==== The records ====

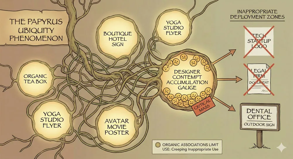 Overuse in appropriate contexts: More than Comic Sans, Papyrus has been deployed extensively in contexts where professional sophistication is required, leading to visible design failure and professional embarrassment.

====
==== The records ====

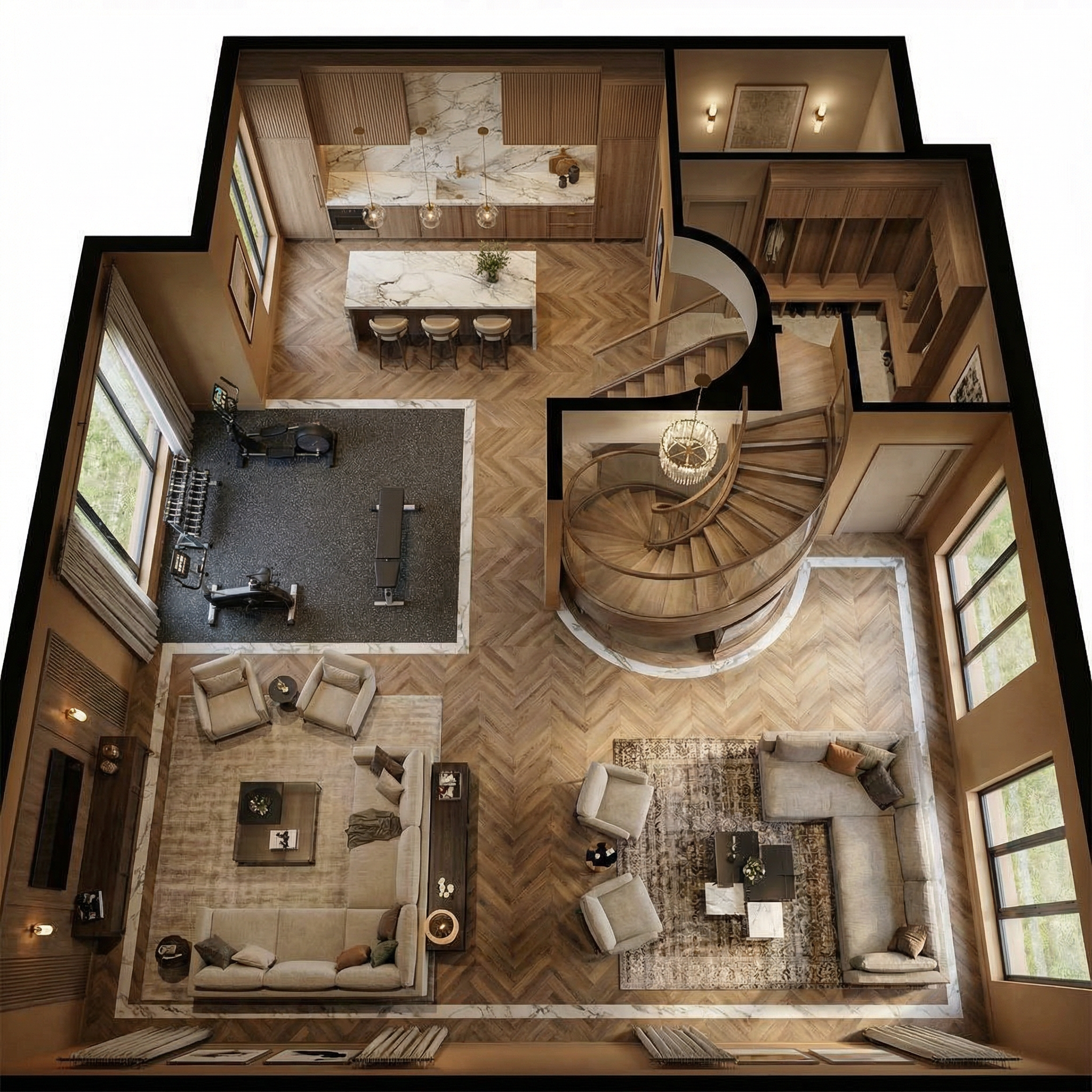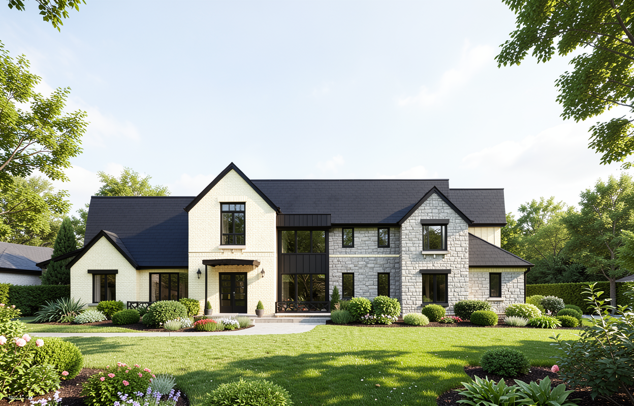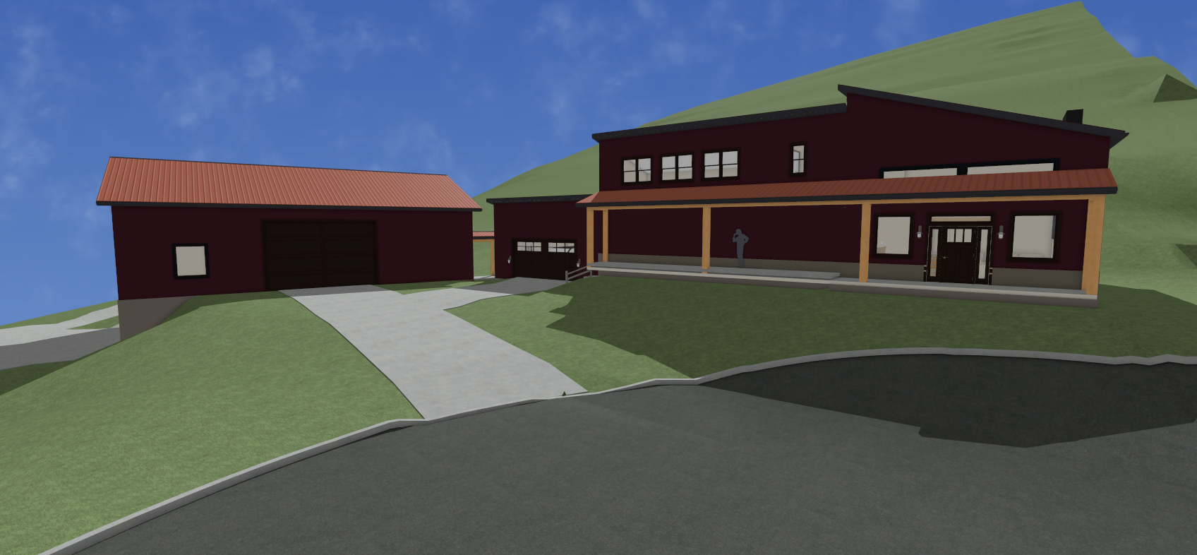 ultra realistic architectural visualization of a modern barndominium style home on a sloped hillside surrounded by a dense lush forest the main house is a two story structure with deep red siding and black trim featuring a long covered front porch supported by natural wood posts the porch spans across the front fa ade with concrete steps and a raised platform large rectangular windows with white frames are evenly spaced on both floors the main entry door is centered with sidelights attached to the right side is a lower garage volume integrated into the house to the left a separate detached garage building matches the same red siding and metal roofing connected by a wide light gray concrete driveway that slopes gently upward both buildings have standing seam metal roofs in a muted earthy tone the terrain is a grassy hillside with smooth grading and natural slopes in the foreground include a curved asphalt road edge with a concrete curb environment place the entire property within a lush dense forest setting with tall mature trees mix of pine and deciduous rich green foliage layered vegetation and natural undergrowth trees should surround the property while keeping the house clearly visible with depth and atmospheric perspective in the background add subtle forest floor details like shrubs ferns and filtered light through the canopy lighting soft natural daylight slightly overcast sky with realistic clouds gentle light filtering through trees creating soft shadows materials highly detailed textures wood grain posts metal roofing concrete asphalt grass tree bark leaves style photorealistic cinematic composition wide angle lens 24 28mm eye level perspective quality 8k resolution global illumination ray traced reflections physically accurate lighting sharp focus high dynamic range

====
==== The records ====

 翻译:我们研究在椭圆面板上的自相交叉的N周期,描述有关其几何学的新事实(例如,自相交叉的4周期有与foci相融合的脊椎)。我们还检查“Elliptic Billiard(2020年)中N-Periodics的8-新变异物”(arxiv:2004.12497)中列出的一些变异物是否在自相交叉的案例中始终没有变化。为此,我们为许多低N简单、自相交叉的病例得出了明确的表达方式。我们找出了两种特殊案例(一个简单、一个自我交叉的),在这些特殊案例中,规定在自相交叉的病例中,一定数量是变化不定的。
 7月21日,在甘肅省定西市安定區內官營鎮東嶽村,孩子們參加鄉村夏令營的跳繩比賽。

====

### [What is being asked]
When you reach the line with "翻译:我们研究在椭圆面板上的" in the records above, start writing out lines exactly, and stop once the line with "7月21日,在甘肅省定西市安" has been written; include nothing else.

### [Answer to the exercise]
 翻译:我们研究在椭圆面板上的自相交叉的N周期,描述有关其几何学的新事实(例如,自相交叉的4周期有与foci相融合的脊椎)。我们还检查“Elliptic Billiard(2020年)中N-Periodics的8-新变异物”(arxiv:2004.12497)中列出的一些变异物是否在自相交叉的案例中始终没有变化。为此,我们为许多低N简单、自相交叉的病例得出了明确的表达方式。我们找出了两种特殊案例(一个简单、一个自我交叉的),在这些特殊案例中,规定在自相交叉的病例中,一定数量是变化不定的。
 7月21日,在甘肅省定西市安定區內官營鎮東嶽村,孩子們參加鄉村夏令營的跳繩比賽。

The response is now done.